'''

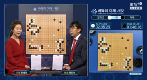 23일 오전 10시 30분(현지시간) 중국 저장성 우전 국제인터넷컨벤션센터에서 열린 '바둑의 미래 서밋(Future of Go Summit)' 3번기 1국에서 커제 9단은 구글 자회사 딥마인드가 개발한 알파고에 289수 만에 흑 1집 반패했다.
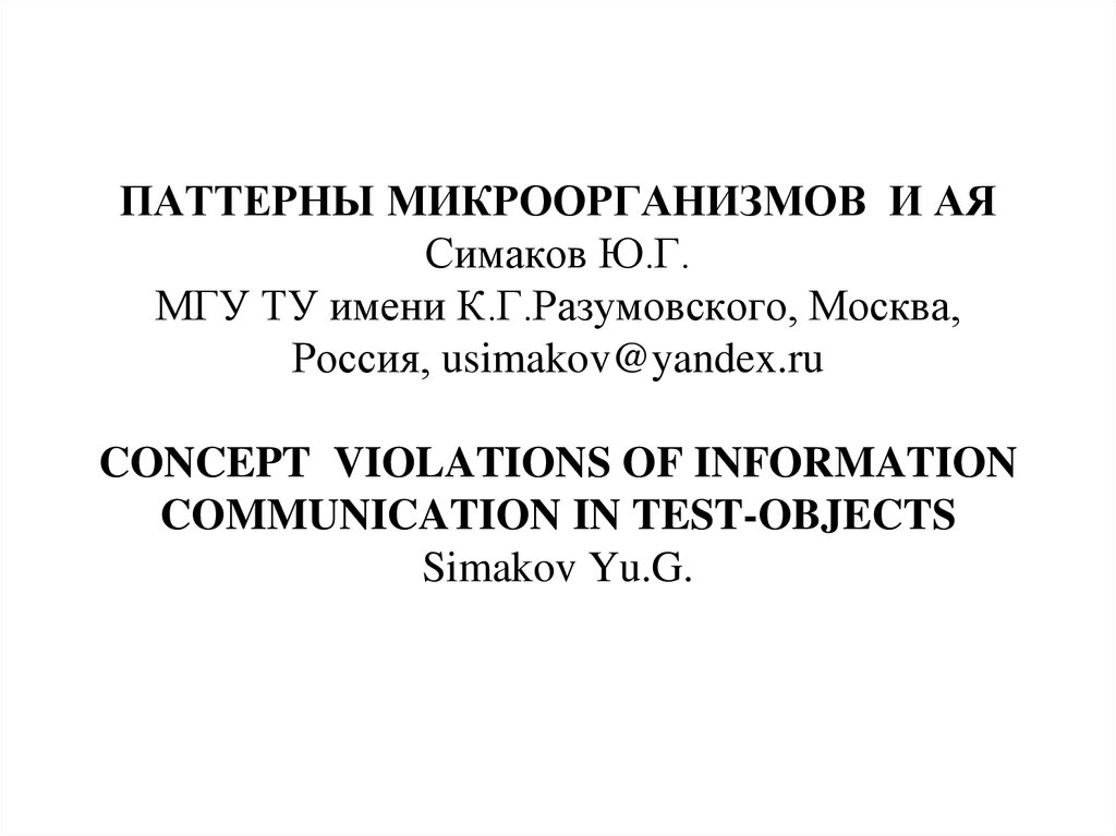 1. ПАТТЕРНЫ МИКРООРГАНИЗМОВ И АЯ Симаков Ю.Г. МГУ ТУ имени К.Г.Разумовского, Москва, Россия, usimakov@yandex.ru CONCEPT
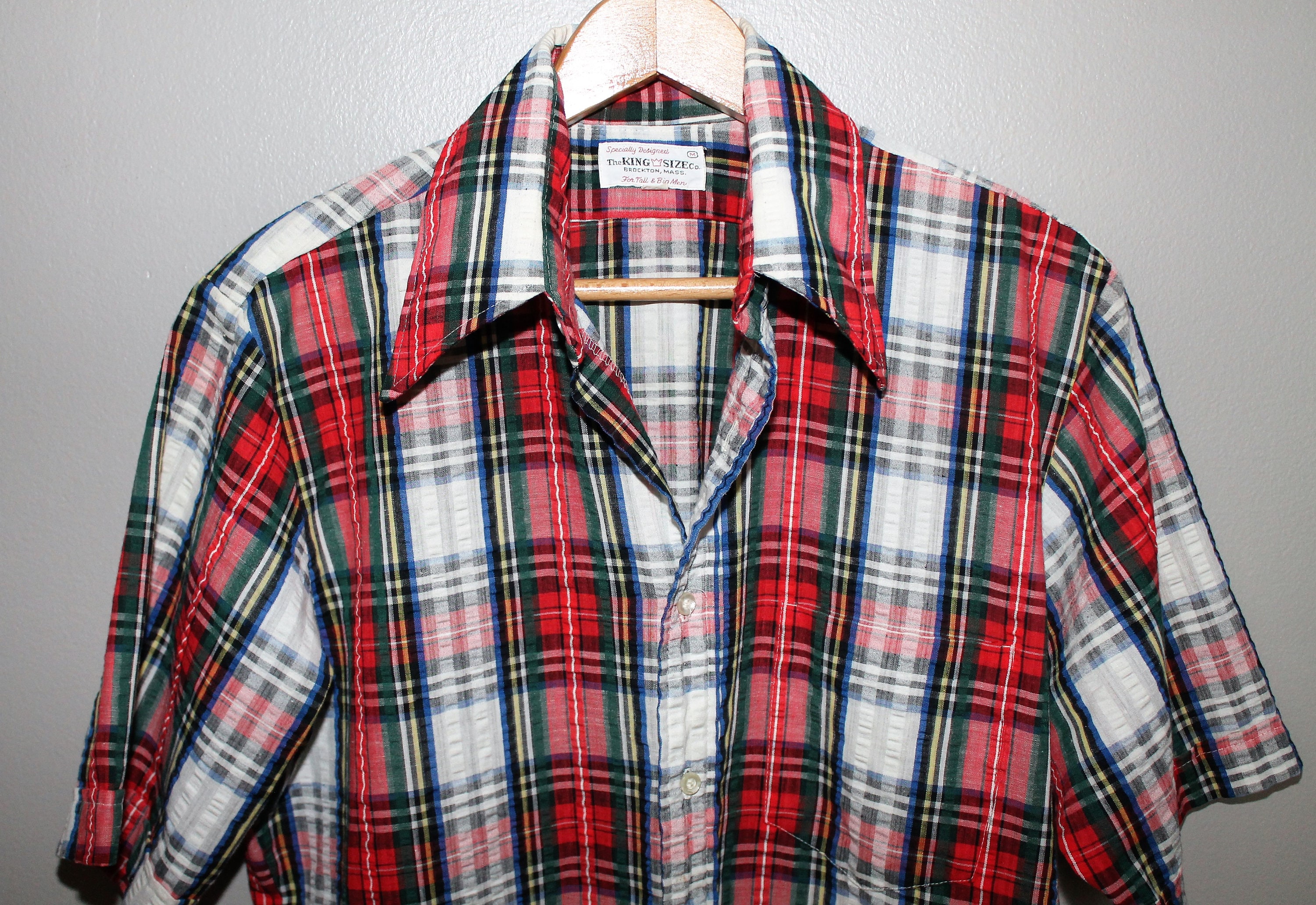 A red and green plaid shirt with a white collar is hanging on a wooden hanger against a white wall. The shirt has a buttoned front and a tag on the collar. | e4b39428c Vintage 50s 60s Rockabilly Red Blue Madras Plaid Shirt M Big Tall ... | 0b4c960ec27ff246f11c5e34aeacac1f62bc6562cd65fcc80db4b63f68e576dd | 001065755151 | 0 | 0 | 32 | 14 | 0 | 0 | |
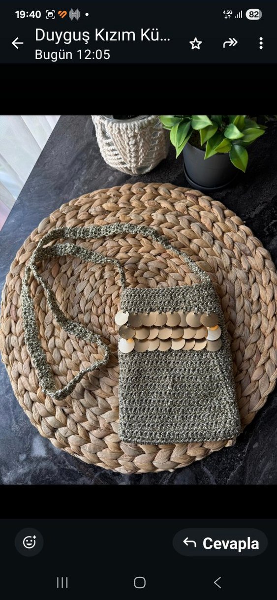 Bej renkte, nakışlı örgü kadın çapraz çanta. Uzun askılı ve günlük kullanıma uygun bohem tarzda.
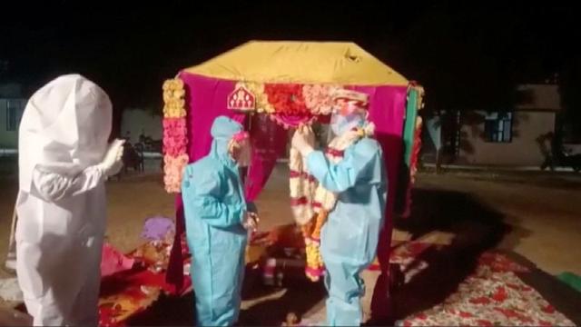 The couple, whose names were not made public, decided to go ahead with the ceremony on Sunday in the courtyard of the COVID quarantine centre in Baran in the western state of Rajasthan – their protective gear giving it an otherworldly feel.

'''

Assignment: Give again, word for word, the lines above from the first one through the one containing "Bej renkte, nakışlı"; no pictures.

Result of the exercise:
 23일 오전 10시 30분(현지시간) 중국 저장성 우전 국제인터넷컨벤션센터에서 열린 '바둑의 미래 서밋(Future of Go Summit)' 3번기 1국에서 커제 9단은 구글 자회사 딥마인드가 개발한 알파고에 289수 만에 흑 1집 반패했다.
 1. ПАТТЕРНЫ МИКРООРГАНИЗМОВ И АЯ Симаков Ю.Г. МГУ ТУ имени К.Г.Разумовского, Москва, Россия, usimakov@yandex.ru CONCEPT
 A red and green plaid shirt with a white collar is hanging on a wooden hanger against a white wall. The shirt has a buttoned front and a tag on the collar. | e4b39428c Vintage 50s 60s Rockabilly Red Blue Madras Plaid Shirt M Big Tall ... | 0b4c960ec27ff246f11c5e34aeacac1f62bc6562cd65fcc80db4b63f68e576dd | 001065755151 | 0 | 0 | 32 | 14 | 0 | 0 | |
 Bej renkte, nakışlı örgü kadın çapraz çanta. Uzun askılı ve günlük kullanıma uygun bohem tarzda.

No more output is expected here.